§ PROBLEM STATEMENT
Given the entries below, would you transcribe exactly the lines starting at the one with "Muğla'nın Bodrum ilçesindeki" and ending at the one with "MIHL-SBK33D 幅900×奥行600×高さ450 三相200V", both kept, pictures omitted, nothing extra?
=== MATERIAL PROVIDED ===
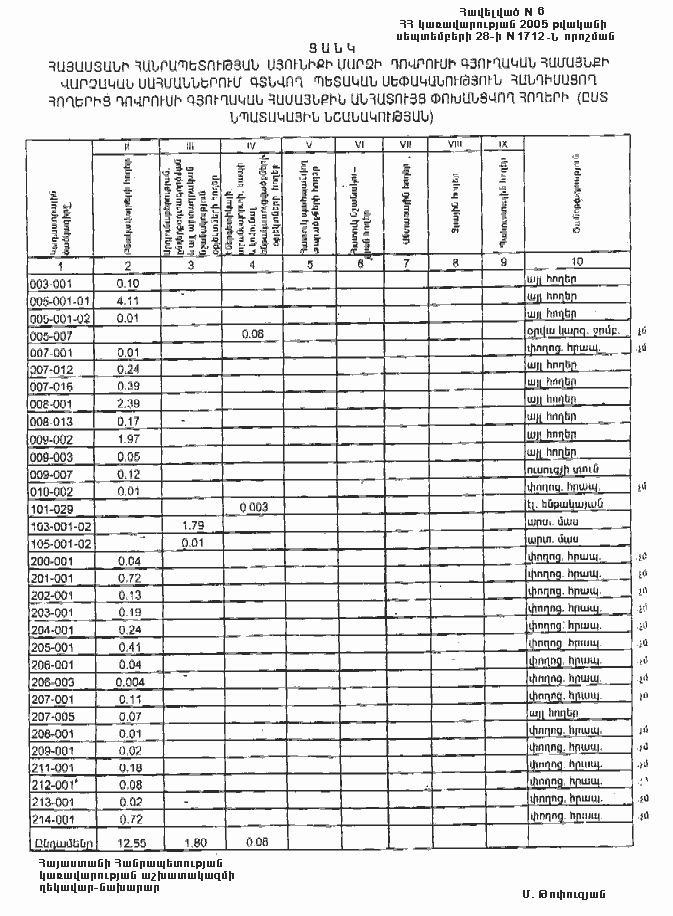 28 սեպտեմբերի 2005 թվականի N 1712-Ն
===
=== MATERIAL PROVIDED ===
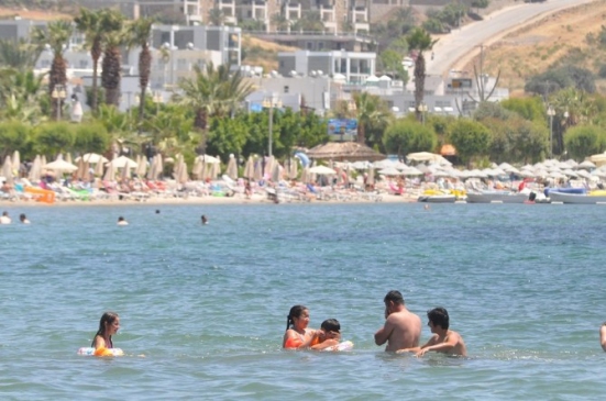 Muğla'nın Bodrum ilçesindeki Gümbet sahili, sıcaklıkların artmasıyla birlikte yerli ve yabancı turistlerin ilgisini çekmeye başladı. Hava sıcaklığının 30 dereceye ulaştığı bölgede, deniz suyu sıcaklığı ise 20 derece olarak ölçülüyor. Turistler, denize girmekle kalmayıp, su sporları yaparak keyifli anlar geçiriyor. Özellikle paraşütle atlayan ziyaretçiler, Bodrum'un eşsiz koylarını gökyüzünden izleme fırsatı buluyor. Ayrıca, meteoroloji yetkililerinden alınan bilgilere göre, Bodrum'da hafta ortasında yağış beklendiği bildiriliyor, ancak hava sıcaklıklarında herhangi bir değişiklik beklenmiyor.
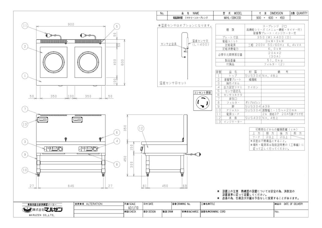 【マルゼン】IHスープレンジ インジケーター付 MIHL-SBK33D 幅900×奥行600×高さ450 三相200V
===
=== MATERIAL PROVIDED ===
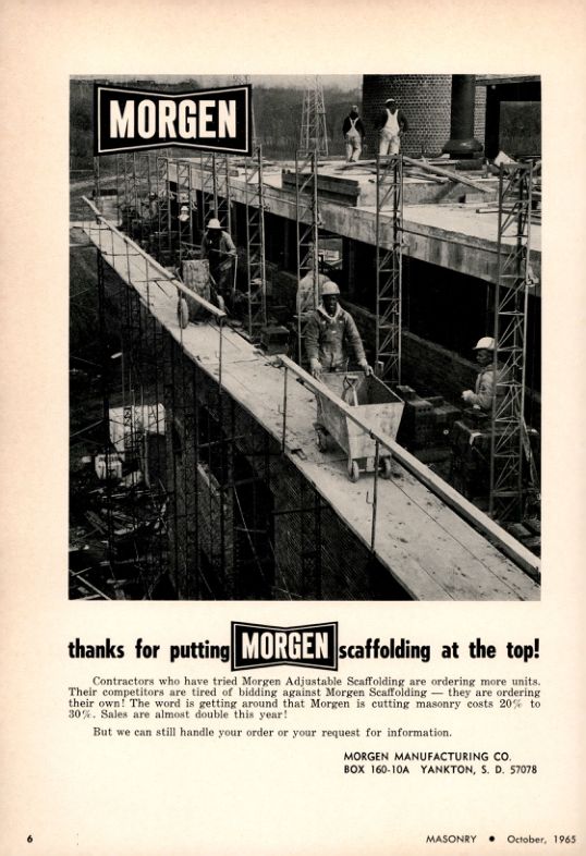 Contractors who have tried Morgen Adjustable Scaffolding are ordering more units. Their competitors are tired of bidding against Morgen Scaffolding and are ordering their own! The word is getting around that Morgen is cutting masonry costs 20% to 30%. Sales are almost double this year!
===
§ PROBLEM SOLUTION
 Muğla'nın Bodrum ilçesindeki Gümbet sahili, sıcaklıkların artmasıyla birlikte yerli ve yabancı turistlerin ilgisini çekmeye başladı. Hava sıcaklığının 30 dereceye ulaştığı bölgede, deniz suyu sıcaklığı ise 20 derece olarak ölçülüyor. Turistler, denize girmekle kalmayıp, su sporları yaparak keyifli anlar geçiriyor. Özellikle paraşütle atlayan ziyaretçiler, Bodrum'un eşsiz koylarını gökyüzünden izleme fırsatı buluyor. Ayrıca, meteoroloji yetkililerinden alınan bilgilere göre, Bodrum'da hafta ortasında yağış beklendiği bildiriliyor, ancak hava sıcaklıklarında herhangi bir değişiklik beklenmiyor.
 【マルゼン】IHスープレンジ インジケーター付 MIHL-SBK33D 幅900×奥行600×高さ450 三相200V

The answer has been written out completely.